I crave opportunities like that, chances to earnestly acknowledge the passing of time or tell someone why they're important to me. Before friends' weddings, I've mentally rehearsed toasts that I was not asked to give. In birthday messages, I try to ride the line of genuine gratitude for the relationship while still seeming cool and upbeat. Maybe it's the Catholic in me, or maybe it's because I'm shy, but I prefer having some kind of official ritual to make those moments of honesty possible. In daily life, I find it harder to give or receive compliments off the cuff. Hearing praise, I duck my head, mumbling unconvincing thanks or even less convincing deflection: "No, no, that nice thing about me couldn't possibly be true."
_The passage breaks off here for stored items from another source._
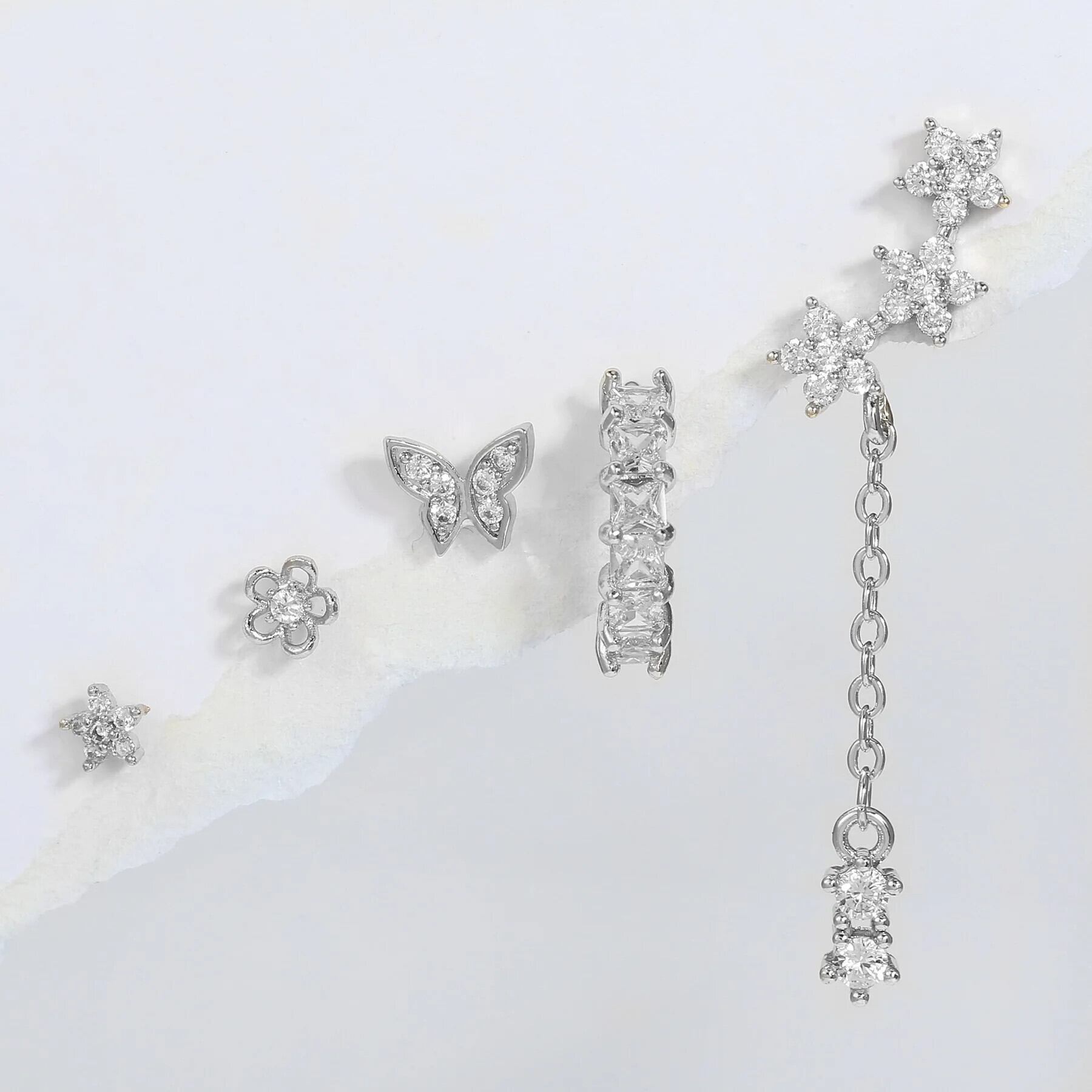 送料無料 新ステンレス鋼最小限のクリスタル蝶チェーン耳スタッドイヤリング女性ヘリックススタッド耳珠軟骨ピアスジュエリー AE1212332233276296332691
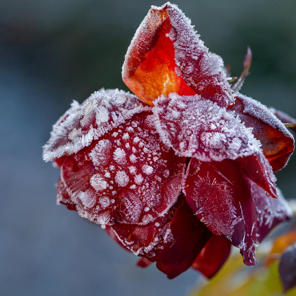 Wallpaper Frosted red rose on a flower bed
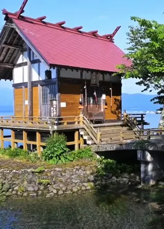 田沢湖の北岸近くに鎮座する朱塗りの鳥居が美しい神社。
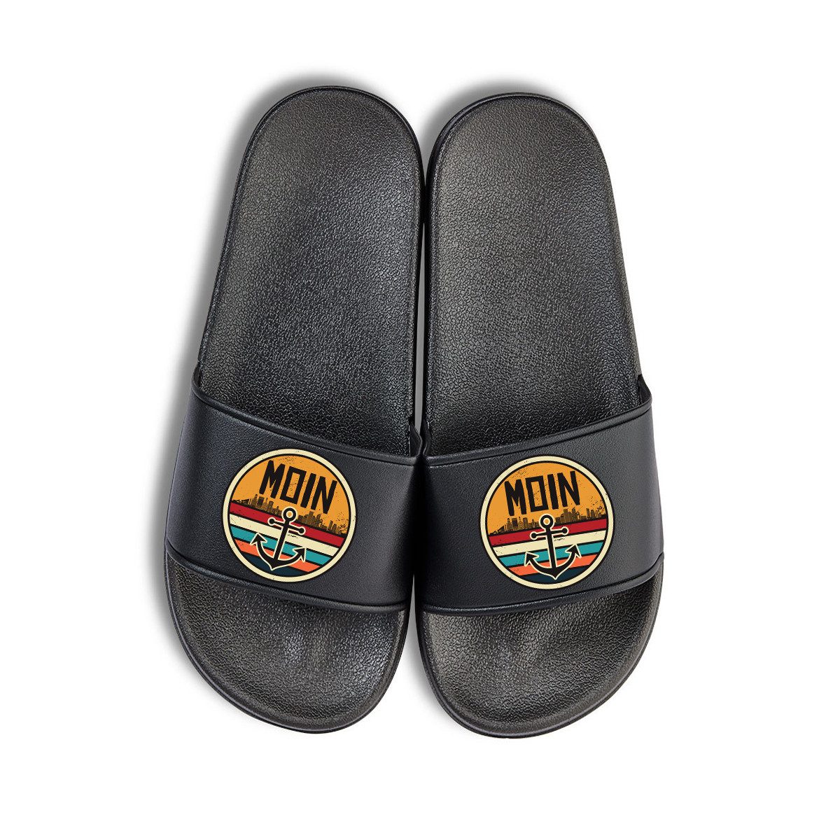 Begrüßen Sie den Tag auf maritime Weise mit unseren Unisex "Moin" Badelatschen. Inspiriert durch das nautische Flair Hamburgs und den Geist des Nordens, sind diese Schuhe perfekt für alle, die das Meer lieben oder sich mit der Hafenkultur verbunden fühlen. Der Aufdruck "Moin" kombiniert eine typisch norddeutsche Begrüßung mit einem stilisierten Anker und der Hafenstadt Hamburgs, was diese Badelatschen zu einem echten Hingucker macht. Die ergonomische Passform und die rutschfeste Sohle sorgen für Komfort und Sicherheit, ob am Strand, im Schwimmbad oder während eines entspannten Tages zu Hause. Verfügbar in den Größen 36 bis 47, sind diese Badelatschen ein ideales Geschenk für maritime Enthusiasten zu Anlässen wie Vatertag, Muttertag oder als charmantes Mitbringsel.
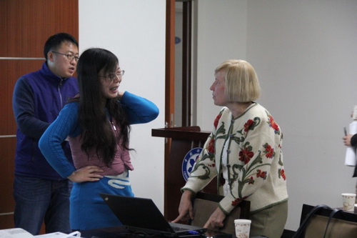 报告会后李娟研究员、田小波研究员继续同Artemieva教授进行深入的交流
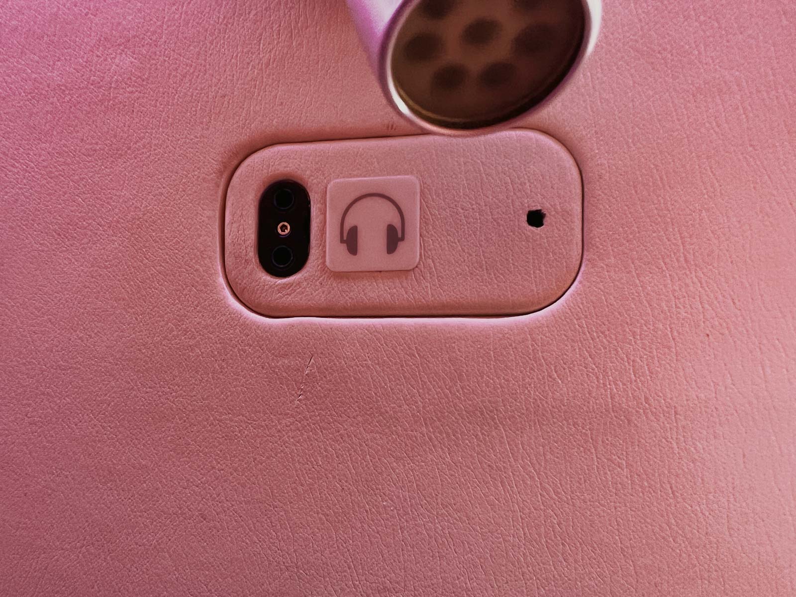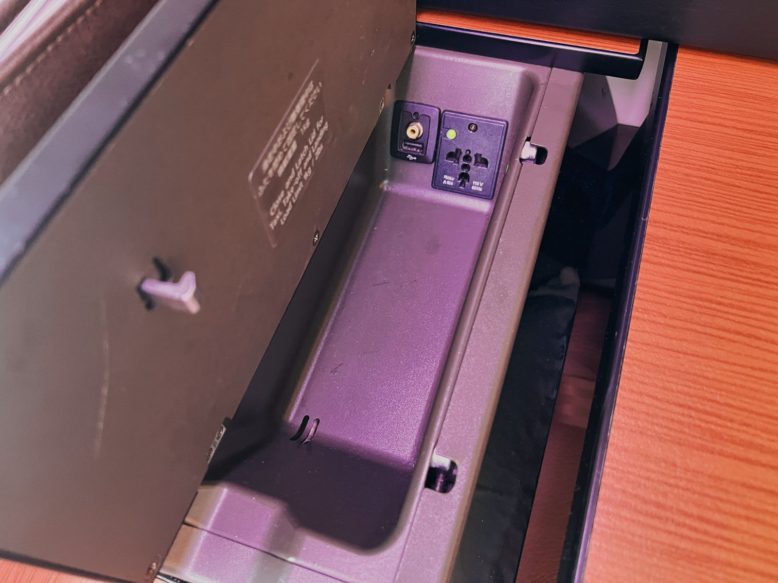Im vorderen linken Bereich beim IFE Monitor gibt es noch ein weiteres kleines Fach mit Stromanschluss. Hier lässt sich zwar der Stecker einstecken, aber für die heutigen Smartphones ist das Fach zu klein, so dass es außerhalb abgelegt werden muss.
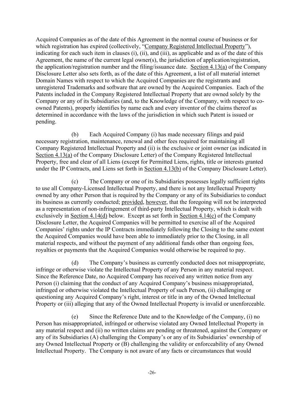 -26- Acquired Companies as of the date of this Agreement in the normal course of business or for which registration has expired (collectively, “Company Registered Intellectual Property”), indicating for each such item in clauses (i), (ii), and (iii), as applicable and as of the date of this Agreement, the name of the current legal owner(s), the jurisdiction of application/registration, the application/registration number and the filing/issuance date. Section 4.13(a) of the Company Disclosure Letter also sets forth, as of the date of this Agreement, a list of all material internet Domain Names with respect to which the Acquired Companies are the registrants and unregistered Trademarks and software that are owned by the Acquired Companies. Each of the Patents included in the Company Registered Intellectual Property that are owned solely by the Company or any of its Subsidiaries (and, to the Knowledge of the Company, with respect to co- owned Patents), properly identifies by name each and every inventor of the claims thereof as determined in accordance with the laws of the jurisdiction in which such Patent is issued or pending. (b) Each Acquired Company (i) has made necessary filings and paid necessary registration, maintenance, renewal and other fees required for maintaining all Company Registered Intellectual Property and (ii) is the exclusive or joint owner (as indicated in Section 4.13(a) of the Company Disclosure Letter) of the Company Registered Intellectual Property, free and clear of all Liens (except for Permitted Liens, rights, title or interests granted under the IP Contracts, and Liens set forth in Section 4.13(b) of the Company Disclosure Letter). (c) The Company or one of its Subsidiaries possesses legally sufficient rights to use all Company-Licensed Intellectual Property, and there is not any Intellectual Property owned by any other Person that is required by the Company or any of its Subsidiaries to conduct its business as currently conducted; provided, however, that the foregoing will not be interpreted as a representation of non-infringement of third-party Intellectual Property, which is dealt with exclusively in Section 4.14(d) below. Except as set forth in Section 4.14(c) of the Company Disclosure Letter, the Acquired Companies will be permitted to exercise all of the Acquired Companies’ rights under the IP Contracts immediately following the Closing to the same extent the Acquired Companies would have been able to immediately prior to the Closing, in all material respects, and without the payment of any additional funds other than ongoing fees, royalties or payments that the Acquired Companies would otherwise be required to pay. (d) The Company’s business as currently conducted does not misappropriate, infringe or otherwise violate the Intellectual Property of any Person in any material respect. Since the Reference Date, no Acquired Company has received any written notice from any Person (i) claiming that the conduct of any Acquired Company’s business misappropriated, infringed or otherwise violated the Intellectual Property of such Person, (ii) challenging or questioning any Acquired Company’s right, interest or title in any of the Owned Intellectual Property or (iii) alleging that any of the Owned Intellectual Property is invalid or unenforceable. (e) Since the Reference Date and to the Knowledge of the Company, (i) no Person has misappropriated, infringed or otherwise violated any Owned Intellectual Property in any material respect and (ii) no written claims are pending or threatened, against the Company or any of its Subsidiaries (A) challenging the Company’s or any of its Subsidiaries’ ownership of any Owned Intellectual Property or (B) challenging the validity or enforceability of any Owned Intellectual Property. The Company is not aware of any facts or circumstances that would
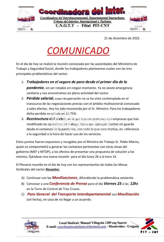 Esta semana se realizó el Plenario de Mesas Directivas de los sindicatos que conforman la Coordinadora (Interdepartamental, Departamental interurbano, Urbano del interior, internacional y Turismo), donde se analizaron los últimos acontecimientos, y ante el anuncio del Poder Ejecutivo de que a partir del 1 de enero 2023 el aumento salarial no contemplaría ningún porcentaje de recuperación de la pérdida sufrida en los últimos meses.
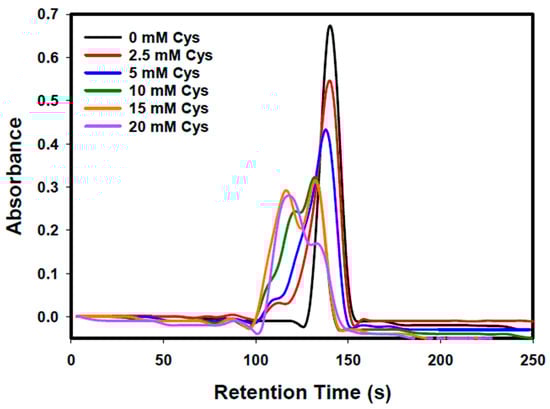 Representative Hg-specific chromatograms obtained for THI as a function of the Cys concentration in the 100 mM phosphate-buffer (pH 7.4):ACN 70:30 (v:v) mobile phase. Stationary phase: Gemini C18-HPLC column (150 × 4.6 mm I.D., 5 μm particles); Flow rate: 1.0 mL/min; Detector: FAAS at 253.7 nm; Injection volume: 50 μL (1000 µg Hg).

It can be easy to overemphasize (and then get exhausted by) the industrial-sized rituals in our culture, but I see more and more people using social media to push back against that: posting long, heartfelt Facebook or Instagram posts when they leave a job, get a major professional opportunity, celebrate an anniversary of meeting a close friend or of moving to a new city. Sometimes the pushback is even explicit and tongue-in-cheek, like this woman's engagement photo shoot for her new job. It's been said that secular society suffers from a lack of rituals, but I see people making an effort to honor the important things.
For me, then, maybe it shouldn't be so hard to give my own little speeches and celebrations, even if I fumble the delivery. A few days ago, my boyfriend and I returned from a vacation with his family — a trip during which his dad and brother had occasionally paused to note how lovely it was to have the whole family together. Coming back into the apartment, the two of us tiredly opened windows, watered plants, dropped our bags in corners, and I took out my laptop to catch up on a few tasks for work. After a few minutes, though, I remembered the house-selling ceremony from Eligible. I stood up and went over to my boyfriend, gave him a hug, and thanked him for a wonderful trip, and he thanked me, too. It was nice. I was glad we hadn't let the moment pass without marking it out loud. I hope I remember to do that with future milestones, too.